## YOUR GOAL
The line containing "全市场所有行业板块中主力空头", plus every line that follows it to the end of the listing below, is what you transcribe exactly; omit all pictures.
╭─ SUPPLIED ENTRIES
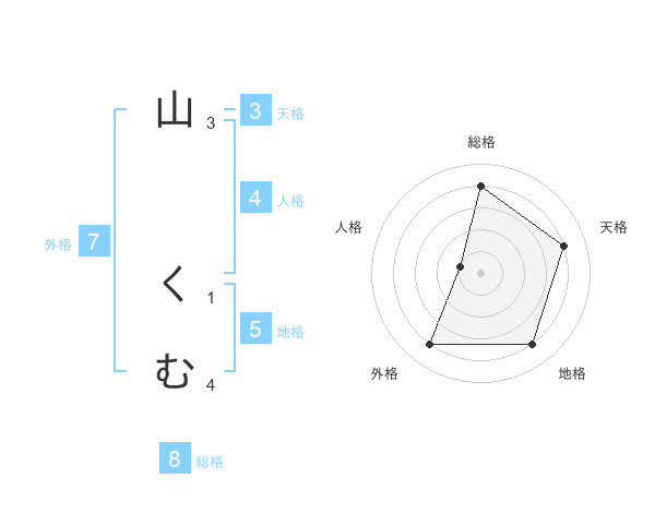 山 くむさんの外格は7画の4点!
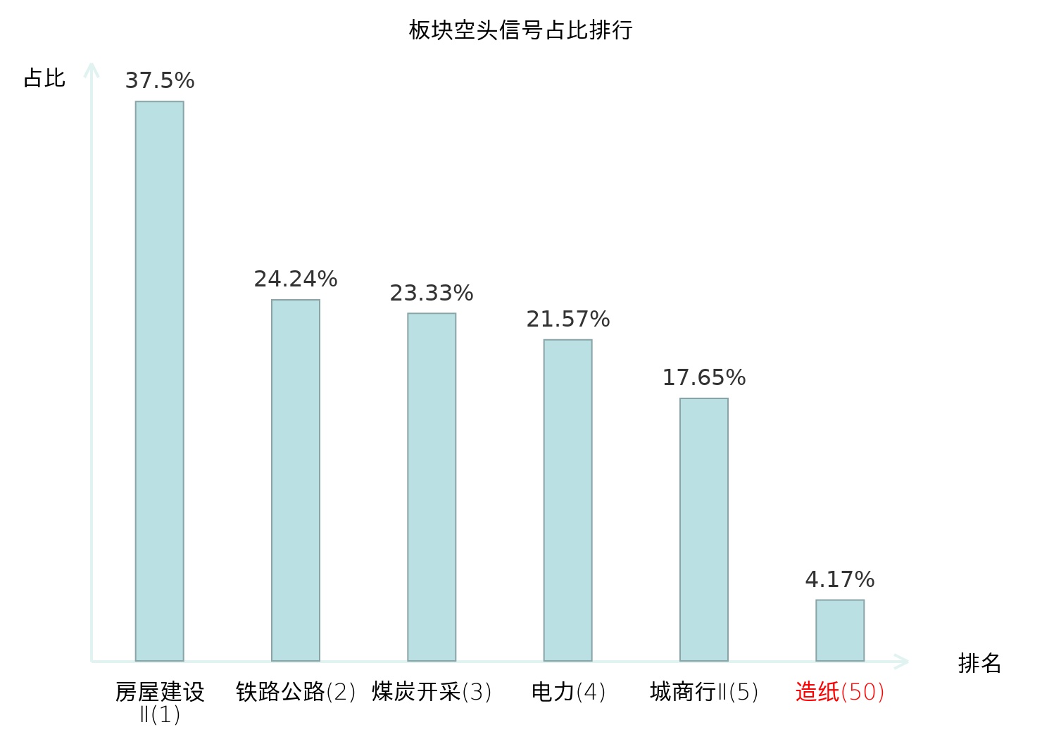 全市场所有行业板块中主力空头信号占比排名中,房屋建设Ⅱ板块位居第一。煤炭开采板块名次提升最快,较昨日上升117位。
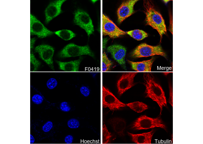 • Immunofluorescent analysis of NIH/3T3 cells using F0419 (green, 1:400), Hoechst (blue) and tubulin (Red).
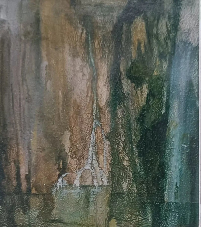 画者刻意压低色彩的明度,提升色彩的浓度,以朦胧笔触牵引观者步入回溯的情境。这般表达,即留足了赏析的空间,亦唤起了觀者的深层思考,让“觀”与“思”相融相生,共同构成对作品艺术内核的感知。我對《故鄉秋水》的親近,源于畫作催生的思鄉之情。年少時我離鄉赴西南戍邊,如今定居曲靖,故鄉的那方荷塘早已變了模樣,却在我心中定格爲一幅永不褪色的畫卷, 成爲精神永恒的歸處。
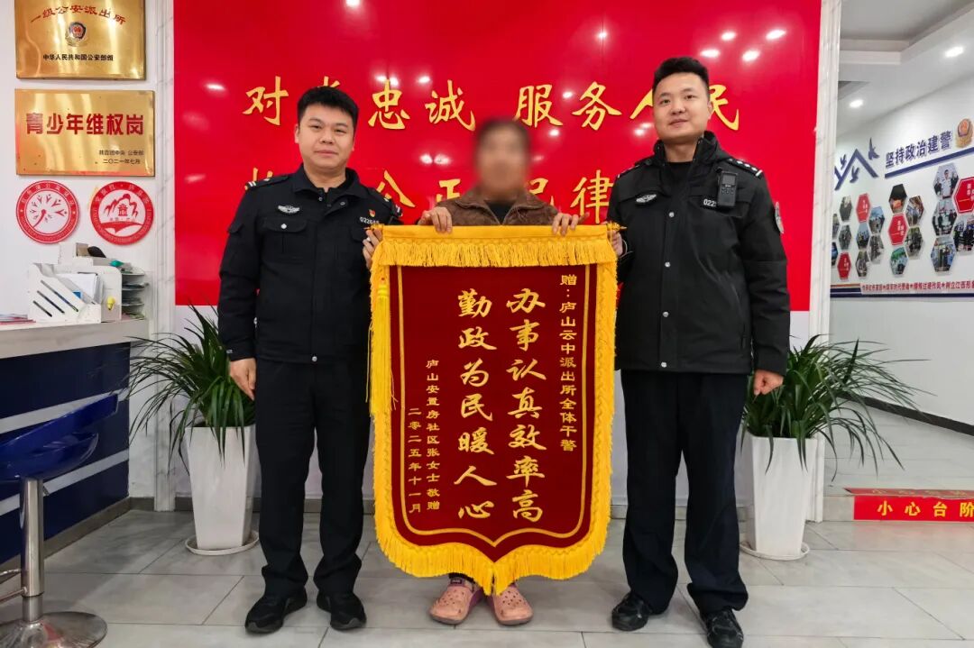 “勤政为民暖人心,办事认真效率高” 12月2日上午 庐山市公安局云中派出所 大厅内暖意融融 居民张大姐带着家人专程赶来 将一面印着鎏金大字的锦旗 郑重送到民警手中 她紧紧握住民警的手 眼眶泛红 “多亏了你们 我的血汗钱才没打水漂 真不知道该怎么感谢” 这温情一幕的背后 是一场与诈骗分子赛跑的紧急止付行动 ![]() 时间回溯到11月8日上午 云中派出所外 一阵急促的脚步声骤然响起 大门被匆匆推开 面色惨白的张大姐攥着手机 声音带着哭腔冲进值班室 浑浊的眼眶里满是慌乱与无助 “警察同志,我的血汗钱都没了 你们快帮帮我” 值班民警见状立即上前搀扶其坐下 递上热水耐心安抚 待张大姐情绪稍缓 一段揪心的遭遇缓缓道来 ![]() 张大姐在庐山景区从事环卫工作多年 起早贪黑攒下这些血汗钱 这笔钱是她未来生活的全部依靠 当天上午 一通陌生来电打破了平静 电话那头的“客服人员”语气热情 却带来一个让她揪心的消息 “您在我们平台开通的视频会员 即将自动续费,每月扣除50元 现在可以为您办理取消服务” 从未开通该会员的张大姐顿时慌了神 连忙询问取消流程 “客服”顺势引导 先是要求张大姐提供银行卡号 随后又以“验证身份”“解除绑定”为由 让她进行人脸验证等操作 一心只想保住血汗钱的张大姐 并未察觉异常 直到手机屏幕弹出银行卡转账提示 她才猛然惊醒 ![]() “情况紧急,赶紧止付” 听完张大姐的哭诉 民警第一时间联动相关部门 开展冻结操作 经过半小时的紧张奋战 在资金即将被转移的关键时刻 民警成功冻结涉案银行卡 精准截获被骗资金9.2万元
╰─
## PROBLEM SOLUTION
 全市场所有行业板块中主力空头信号占比排名中,房屋建设Ⅱ板块位居第一。煤炭开采板块名次提升最快,较昨日上升117位。
 • Immunofluorescent analysis of NIH/3T3 cells using F0419 (green, 1:400), Hoechst (blue) and tubulin (Red).
 画者刻意压低色彩的明度,提升色彩的浓度,以朦胧笔触牵引观者步入回溯的情境。这般表达,即留足了赏析的空间,亦唤起了觀者的深层思考,让“觀”与“思”相融相生,共同构成对作品艺术内核的感知。我對《故鄉秋水》的親近,源于畫作催生的思鄉之情。年少時我離鄉赴西南戍邊,如今定居曲靖,故鄉的那方荷塘早已變了模樣,却在我心中定格爲一幅永不褪色的畫卷, 成爲精神永恒的歸處。
 “勤政为民暖人心,办事认真效率高” 12月2日上午 庐山市公安局云中派出所 大厅内暖意融融 居民张大姐带着家人专程赶来 将一面印着鎏金大字的锦旗 郑重送到民警手中 她紧紧握住民警的手 眼眶泛红 “多亏了你们 我的血汗钱才没打水漂 真不知道该怎么感谢” 这温情一幕的背后 是一场与诈骗分子赛跑的紧急止付行动 ![]() 时间回溯到11月8日上午 云中派出所外 一阵急促的脚步声骤然响起 大门被匆匆推开 面色惨白的张大姐攥着手机 声音带着哭腔冲进值班室 浑浊的眼眶里满是慌乱与无助 “警察同志,我的血汗钱都没了 你们快帮帮我” 值班民警见状立即上前搀扶其坐下 递上热水耐心安抚 待张大姐情绪稍缓 一段揪心的遭遇缓缓道来 ![]() 张大姐在庐山景区从事环卫工作多年 起早贪黑攒下这些血汗钱 这笔钱是她未来生活的全部依靠 当天上午 一通陌生来电打破了平静 电话那头的“客服人员”语气热情 却带来一个让她揪心的消息 “您在我们平台开通的视频会员 即将自动续费,每月扣除50元 现在可以为您办理取消服务” 从未开通该会员的张大姐顿时慌了神 连忙询问取消流程 “客服”顺势引导 先是要求张大姐提供银行卡号 随后又以“验证身份”“解除绑定”为由 让她进行人脸验证等操作 一心只想保住血汗钱的张大姐 并未察觉异常 直到手机屏幕弹出银行卡转账提示 她才猛然惊醒 ![]() “情况紧急,赶紧止付” 听完张大姐的哭诉 民警第一时间联动相关部门 开展冻结操作 经过半小时的紧张奋战 在资金即将被转移的关键时刻 民警成功冻结涉案银行卡 精准截获被骗资金9.2万元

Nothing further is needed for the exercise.